Здесь опять помог случай. В каждой большой библиотеке и в старину и теперь находились и находятся незаметные труженики, как бы совершенно утратившие свою индивидуальность и слившиеся с библиотекой или теми работами, которые в ней создаются. Сами они не творцы и даже редко имеют свои темы, но они органически вживаются в интересы других в для ученых незаменимы; некоторые темы без них иногда не могли бы завершиться.
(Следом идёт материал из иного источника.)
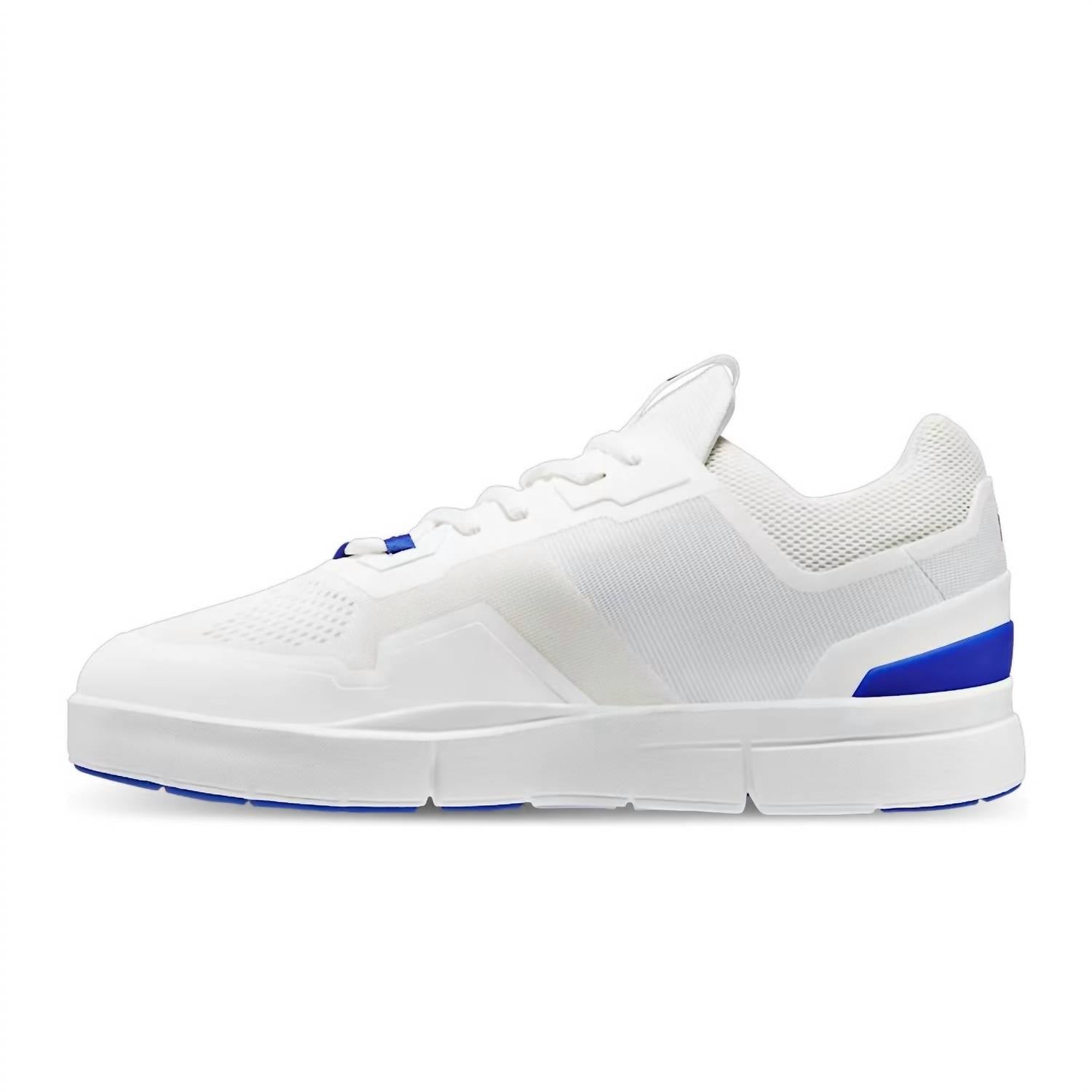 Discover the Men's The Roger Spin Sneaker by On Cloud, a fusion of style and performance in a sleek White Indigo hue. Designed with a breathable engineered mesh upper for ultimate cool comfort, this sneaker features CloudTec® cushioning for superior impact absorption. The updated, anatomically-considered design equips your feet with a TPU-injected Speedboard® to enhance forefoot flex. At a weight of 340.7g, this versatile athleisure sneaker takes you seamlessly from work to workout and beyond.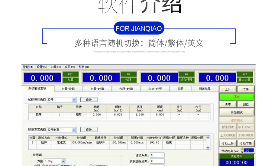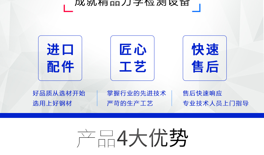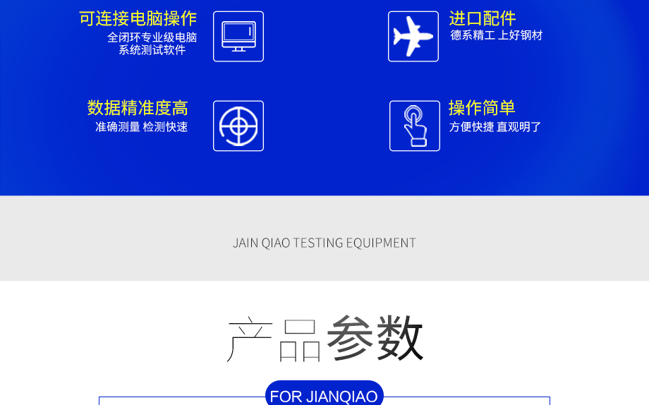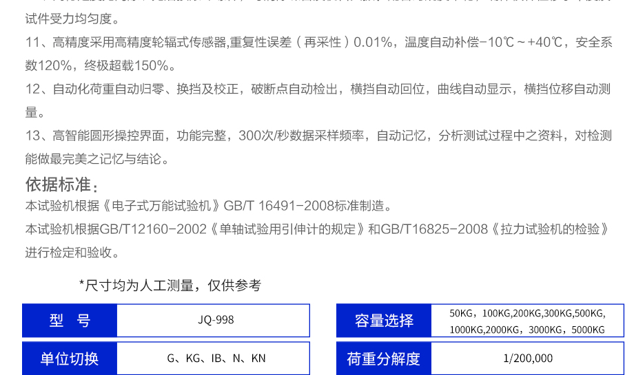 產(chǎn)品型號(hào):JQ-998(高端定制款) 品牌:劍 喬 用途:高端雙柱拉力機(jī)主要測(cè)試原物料、成品、半成品的物理特性,可做抗拉力測(cè)試、抗壓力測(cè)試、抗彎測(cè)試,取得伸長(zhǎng)量、伸長(zhǎng)率、應(yīng)力、應(yīng)變等測(cè)試結(jié)果及測(cè)試資料。

Один из таких тружеников, совсем молодой человек, но безнадежно уже отравленный библиотекой, раз принес мне на стол около шкафов с рукописями, где я кончал свои занятия над Тантави, кипу больших писчих листов средины прошлого века, сплошь покрытых арабскими и русскими письменами вперемежку. Листы нигде не были зарегистрированы и валялись внизу какого-то библиотечного шкафа, где их и обнаружил мой доброжелатель, инстинктивно почувствовав, что они имеют какое-то отношение к моему Тантавн.
Сперва я ничего не мог разобрать. Груда бумаги содержала не менее полутораста листов, заполненных не то чертами, которые любят иногда проводить дети на белом пространстве, не то каракулями взрослого человека, который учится писать. Расположив их кое-как в системе по внешнему виду и по имевшейся на отдельных страницах нумерации, я начал понимать, в чем дело, и мне стало сразу жутко. Листы, как оказалось, содержали все те же близкие Тантави сюжеты: собрания пословиц на египетском диалекте, образцы народных приветствий и песен, разные материалы по риторике, лексике, грамматике. Но все это было писано, очевидно, уже тогда, когда „паралич нижних конечностей“ стал распространяться на руку. Больно было смотреть, как постепенно владельцу ее приходилось вести все большую в большую войну с процессом письма. Перо или калам не слушались его, втыкаясь в бумагу при каждом движении; рука старалась выводить арабскую или русскую букву, но вместо этого вдруг судорожно дергалась и какая-то фантастическая изломанная черта пробегала чуть не по всей странице. Материал везде был живой и интересный, но если первые листы еще поддавались, хотя с трудом, разбору, то дальше дело шло все хуже и хуже: временами буквы сливались в какую-то стенографическую линию или напоминали писание слепого, которому в руку дали лучину, обмазанную краской. И так продолжалось на протяжении десятков листов; красноречиво и страшно они говорили о том, как упорно цеплялся Тантави за призрачную возможность вести умственную работу, от которой его живую, не сдававшуюся натуру отрывали свои собственные немеющие руки. Если в рассказах современников можно найти тему для романа о Тантави, то эти листы говорили о тяжелой трагедии его догоравшего существования, которое под занавес вспыхнуло зловещим „антоновым огнем“ гангрены. Так рукописи открыли мне все картины этой житейской драмы, которая началась в маленькой египетской деревушке, развернулась в центрах арабской науки Танте и Каире, перешла в столицу России С.-Петербург и запечатлена могильной плитой на Волковом кладбище.